*ACTION ITEM*
A faithful, picture-free copy of the listing below is required.

*DATA SHOWN*
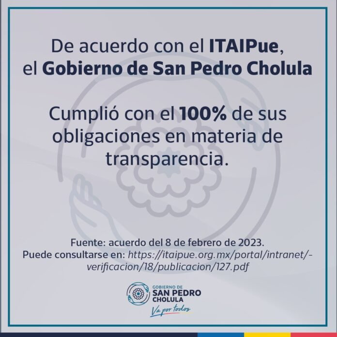De esta forma, el Gobierno de Cholula encabezado por Paola Angon cumple con el compromiso de transparencia en el uso de los recursos públicos, así como en sus obligaciones para que la ciudadanía pueda acceder a información que por Ley debe poder conocer.
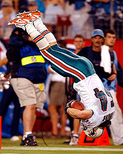 Zach Thomas does a summersault into the endzone after picking off a Neil O'Donell pass and returning it for the score in the opener at Tennessee.
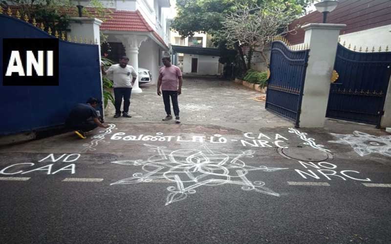 Chennai: After slogans, placards, processions and meetings, DMK were now protesting against the Citizenship Amendment Act (CAA) and National Register of Citizens (NRC) by using the traditional Tamil ‘kolams’.
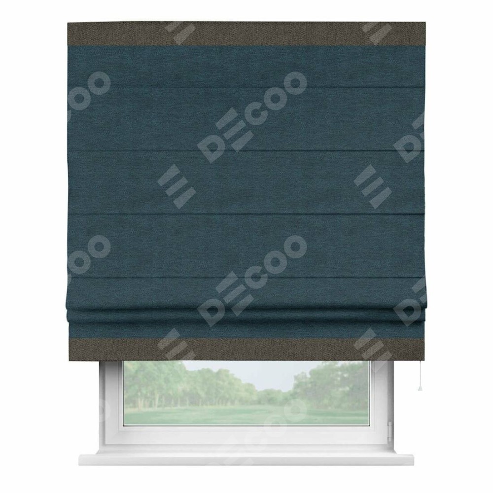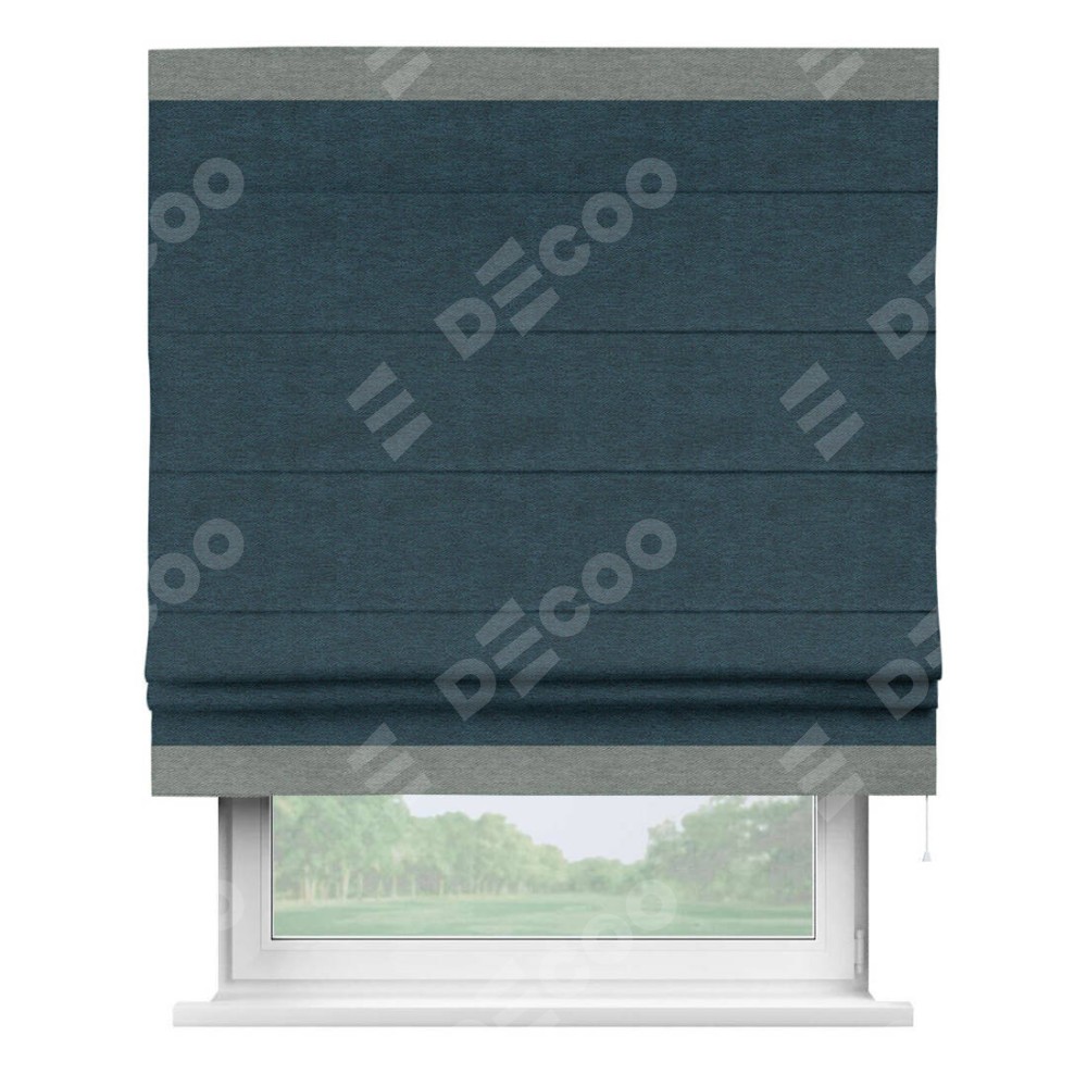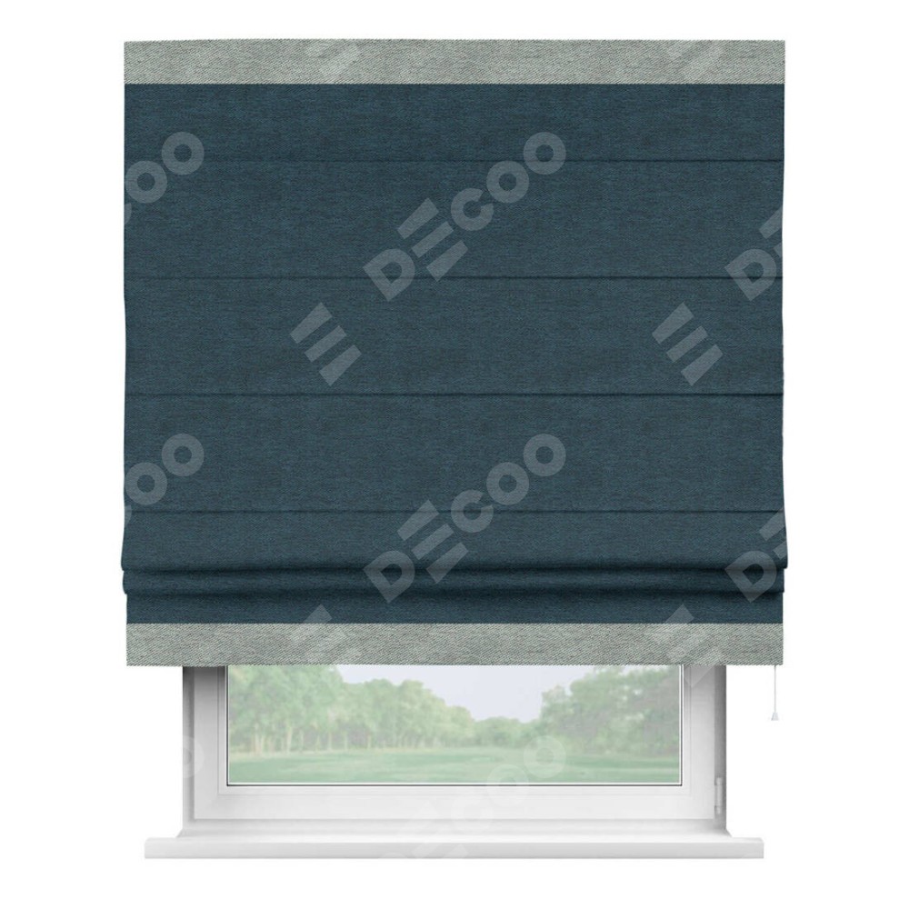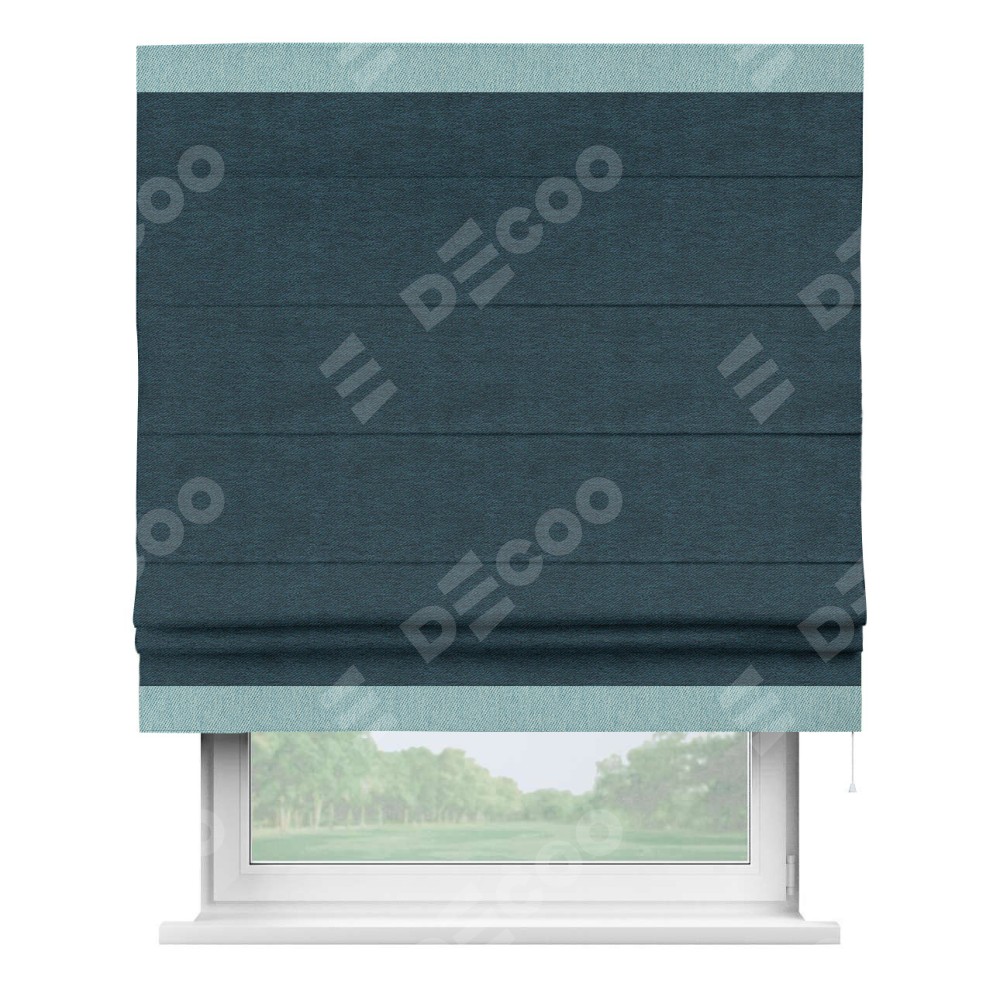 Римская штора производителя «Cortin», используется для проёма, пошита из ткани твид блэкаут глубокий синий, артикул 21590. Отделка шторы кантом «Горизонт», ткань для канта используется из твида разной расцветки на выбор. Имеет универсальный механизм и подходит для монтажа: на потолок, на стену и в нишу.

*COMPLETED EXERCISE*
De esta forma, el Gobierno de Cholula encabezado por Paola Angon cumple con el compromiso de transparencia en el uso de los recursos públicos, así como en sus obligaciones para que la ciudadanía pueda acceder a información que por Ley debe poder conocer.
 Zach Thomas does a summersault into the endzone after picking off a Neil O'Donell pass and returning it for the score in the opener at Tennessee.
 Chennai: After slogans, placards, processions and meetings, DMK were now protesting against the Citizenship Amendment Act (CAA) and National Register of Citizens (NRC) by using the traditional Tamil ‘kolams’.
 Римская штора производителя «Cortin», используется для проёма, пошита из ткани твид блэкаут глубокий синий, артикул 21590. Отделка шторы кантом «Горизонт», ткань для канта используется из твида разной расцветки на выбор. Имеет универсальный механизм и подходит для монтажа: на потолок, на стену и в нишу.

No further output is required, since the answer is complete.